• **Data items**:
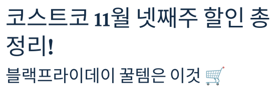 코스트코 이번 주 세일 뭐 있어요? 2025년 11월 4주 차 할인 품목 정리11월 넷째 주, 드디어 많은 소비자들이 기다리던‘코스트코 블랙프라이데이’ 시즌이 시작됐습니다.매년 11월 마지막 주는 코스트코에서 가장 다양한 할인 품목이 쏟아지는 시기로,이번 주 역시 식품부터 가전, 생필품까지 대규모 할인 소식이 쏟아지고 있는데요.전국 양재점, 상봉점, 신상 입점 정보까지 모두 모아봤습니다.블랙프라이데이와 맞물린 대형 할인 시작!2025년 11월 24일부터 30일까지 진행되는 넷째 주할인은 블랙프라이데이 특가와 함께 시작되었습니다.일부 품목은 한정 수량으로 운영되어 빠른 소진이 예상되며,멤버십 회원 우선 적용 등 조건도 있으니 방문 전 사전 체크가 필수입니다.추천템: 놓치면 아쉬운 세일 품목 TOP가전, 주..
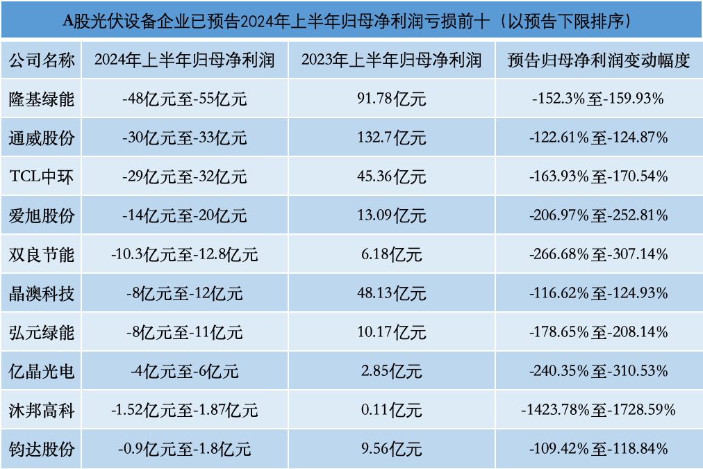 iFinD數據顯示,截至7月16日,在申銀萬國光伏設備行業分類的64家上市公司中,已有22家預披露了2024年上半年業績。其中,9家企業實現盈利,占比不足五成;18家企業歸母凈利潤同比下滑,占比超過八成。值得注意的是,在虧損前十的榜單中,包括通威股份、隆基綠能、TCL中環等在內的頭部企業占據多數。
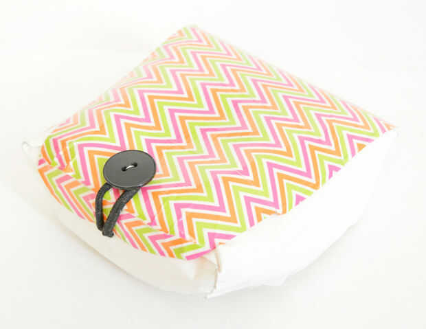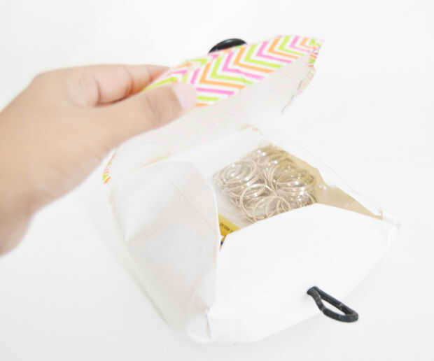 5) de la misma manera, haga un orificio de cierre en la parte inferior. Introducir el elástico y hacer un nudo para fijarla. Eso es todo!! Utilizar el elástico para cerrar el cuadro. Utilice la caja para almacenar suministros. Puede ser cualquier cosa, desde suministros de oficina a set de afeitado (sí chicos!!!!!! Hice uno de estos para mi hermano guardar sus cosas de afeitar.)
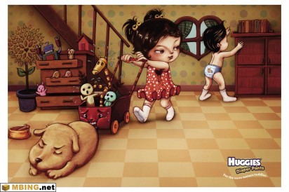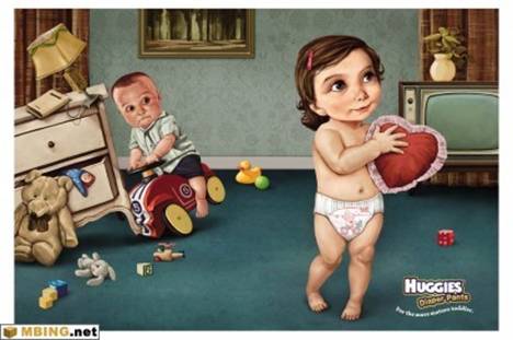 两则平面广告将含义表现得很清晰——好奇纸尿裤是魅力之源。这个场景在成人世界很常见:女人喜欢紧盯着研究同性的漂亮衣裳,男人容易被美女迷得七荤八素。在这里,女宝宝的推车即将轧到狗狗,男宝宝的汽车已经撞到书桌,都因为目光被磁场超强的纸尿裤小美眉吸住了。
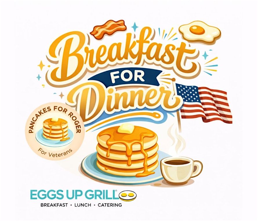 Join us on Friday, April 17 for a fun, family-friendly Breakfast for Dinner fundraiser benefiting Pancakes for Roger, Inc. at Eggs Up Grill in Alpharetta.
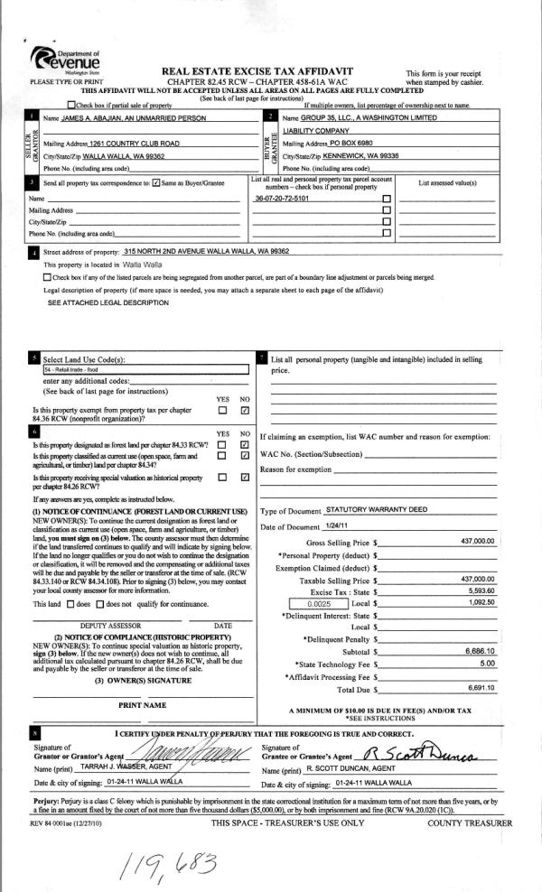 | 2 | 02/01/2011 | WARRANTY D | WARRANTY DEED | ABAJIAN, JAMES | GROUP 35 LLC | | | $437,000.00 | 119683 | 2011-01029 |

• **INSTRUCTIONS TO FOLLOW**: Your answer must be the lines from the opening line of the entries through the line holding "iFinD數據顯示,截至7月", written out exactly and without any picture.

• **EXERCISE ANSWER**:
 코스트코 이번 주 세일 뭐 있어요? 2025년 11월 4주 차 할인 품목 정리11월 넷째 주, 드디어 많은 소비자들이 기다리던‘코스트코 블랙프라이데이’ 시즌이 시작됐습니다.매년 11월 마지막 주는 코스트코에서 가장 다양한 할인 품목이 쏟아지는 시기로,이번 주 역시 식품부터 가전, 생필품까지 대규모 할인 소식이 쏟아지고 있는데요.전국 양재점, 상봉점, 신상 입점 정보까지 모두 모아봤습니다.블랙프라이데이와 맞물린 대형 할인 시작!2025년 11월 24일부터 30일까지 진행되는 넷째 주할인은 블랙프라이데이 특가와 함께 시작되었습니다.일부 품목은 한정 수량으로 운영되어 빠른 소진이 예상되며,멤버십 회원 우선 적용 등 조건도 있으니 방문 전 사전 체크가 필수입니다.추천템: 놓치면 아쉬운 세일 품목 TOP가전, 주..
 iFinD數據顯示,截至7月16日,在申銀萬國光伏設備行業分類的64家上市公司中,已有22家預披露了2024年上半年業績。其中,9家企業實現盈利,占比不足五成;18家企業歸母凈利潤同比下滑,占比超過八成。值得注意的是,在虧損前十的榜單中,包括通威股份、隆基綠能、TCL中環等在內的頭部企業占據多數。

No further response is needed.